> _About this task_
Below are some records. Quote exactly the lines from the one that contains "Blue Floral French" through the last, both included, and leave out the pictures.

Dataset entries:

|---|

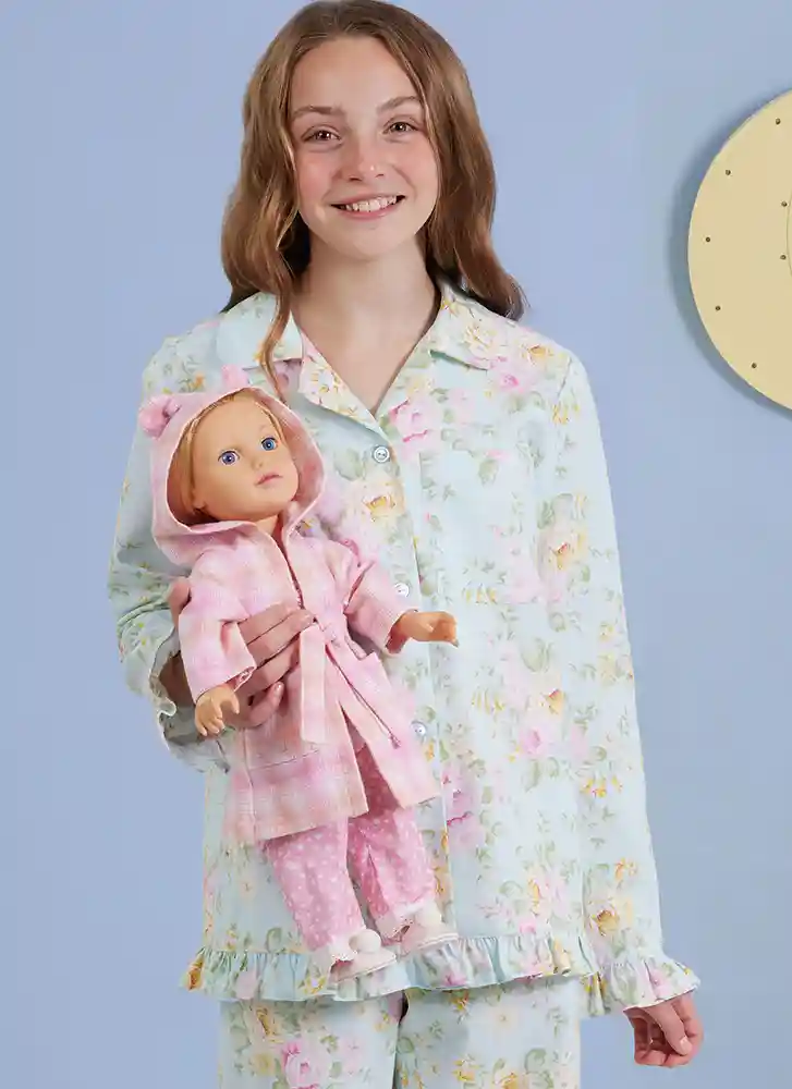 Lounge tops, gown, shorts and pants hems are trimmed with self-ruffles. Button closure tops and gown have shoulder seams that come to the front. Shorts and pants have elastic waist. Purchase sizes separately for Children’s and Girls. Fabric suggestions: A,B,C,D,E: Cotton/Cotton Blends, Flannel. Interfacing: Fusible Knit. Sewing Level: EASY.
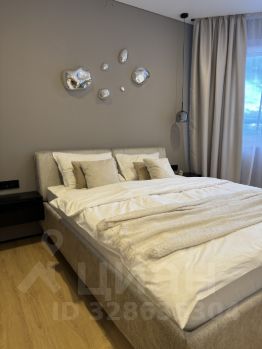 В спальне кровать Аскона с подъемным механизмом, проектор. Есть место для рабочего стола.
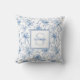 Blue Floral French Toile Monogram Name Kussen
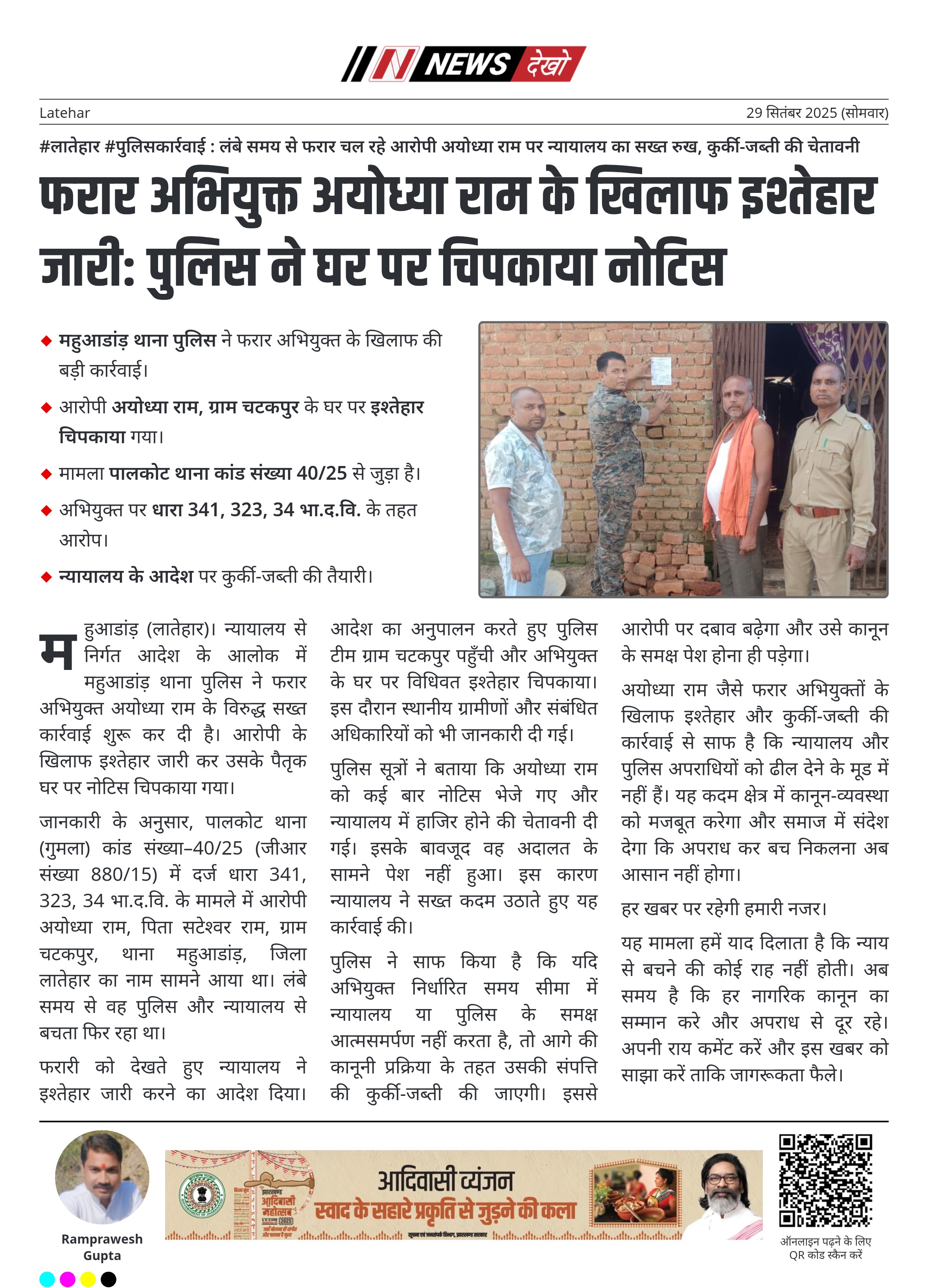 #लातेहार #पुलिसकार्रवाई : लंबे समय से फरार चल रहे आरोपी अयोध्या राम पर न्यायालय का सख्त रुख, कुर्की-जब्ती की चेतावनी महुआडांड़ थाना पुलिस ने फरार अभियुक्त के खिलाफ की बड़ी कार्रवाई। आरोपी अयोध्या राम, ग्राम चटकपुर के घर पर इश्तेहार चिपकाया गया। मामला पालकोट थाना कांड संख्या 40/25 से जुड़ा है। अभियुक्त पर धारा 341, 323, 34 भा.द.वि. के तहत आरोप। न्यायालय के आदेश पर कुर्की-जब्ती की तैयारी। महुआडांड़ (लातेहार)। न्यायालय से निर्गत आदेश के आलोक में महुआडांड़ थाना पुलिस…
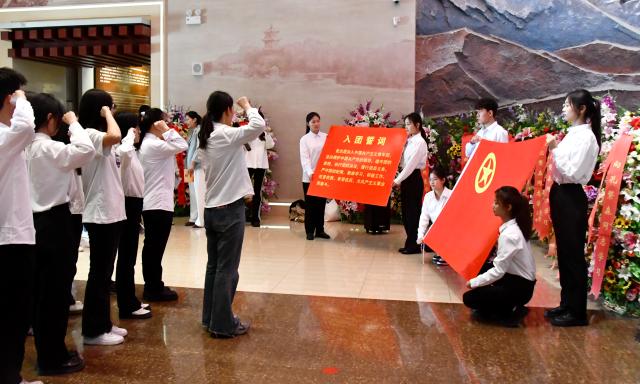仪式在庄严肃穆的国歌声中拉开帷幕。仪式宣读了新发展团员名单,各学院团委书记为新发展团员佩戴团徽并颁发团员证。新发展团员面向团旗、右手握拳过肩,在鲜艳的团旗下庄严宣誓。新发展团员代表孙文晓作了表态发言,表示将在团组织的指导下,发愤图强,努力成长为堪当民族复兴重任的时代新人。优秀团员代表张钰琪从自身经历出发,鼓励新发展团员们要努力成为信念坚定、求真尚学、实干有为的奋斗者。

|---|

> _Answer to this problem_
 Blue Floral French Toile Monogram Name Kussen
 #लातेहार #पुलिसकार्रवाई : लंबे समय से फरार चल रहे आरोपी अयोध्या राम पर न्यायालय का सख्त रुख, कुर्की-जब्ती की चेतावनी महुआडांड़ थाना पुलिस ने फरार अभियुक्त के खिलाफ की बड़ी कार्रवाई। आरोपी अयोध्या राम, ग्राम चटकपुर के घर पर इश्तेहार चिपकाया गया। मामला पालकोट थाना कांड संख्या 40/25 से जुड़ा है। अभियुक्त पर धारा 341, 323, 34 भा.द.वि. के तहत आरोप। न्यायालय के आदेश पर कुर्की-जब्ती की तैयारी। महुआडांड़ (लातेहार)। न्यायालय से निर्गत आदेश के आलोक में महुआडांड़ थाना पुलिस…
仪式在庄严肃穆的国歌声中拉开帷幕。仪式宣读了新发展团员名单,各学院团委书记为新发展团员佩戴团徽并颁发团员证。新发展团员面向团旗、右手握拳过肩,在鲜艳的团旗下庄严宣誓。新发展团员代表孙文晓作了表态发言,表示将在团组织的指导下,发愤图强,努力成长为堪当民族复兴重任的时代新人。优秀团员代表张钰琪从自身经历出发,鼓励新发展团员们要努力成为信念坚定、求真尚学、实干有为的奋斗者。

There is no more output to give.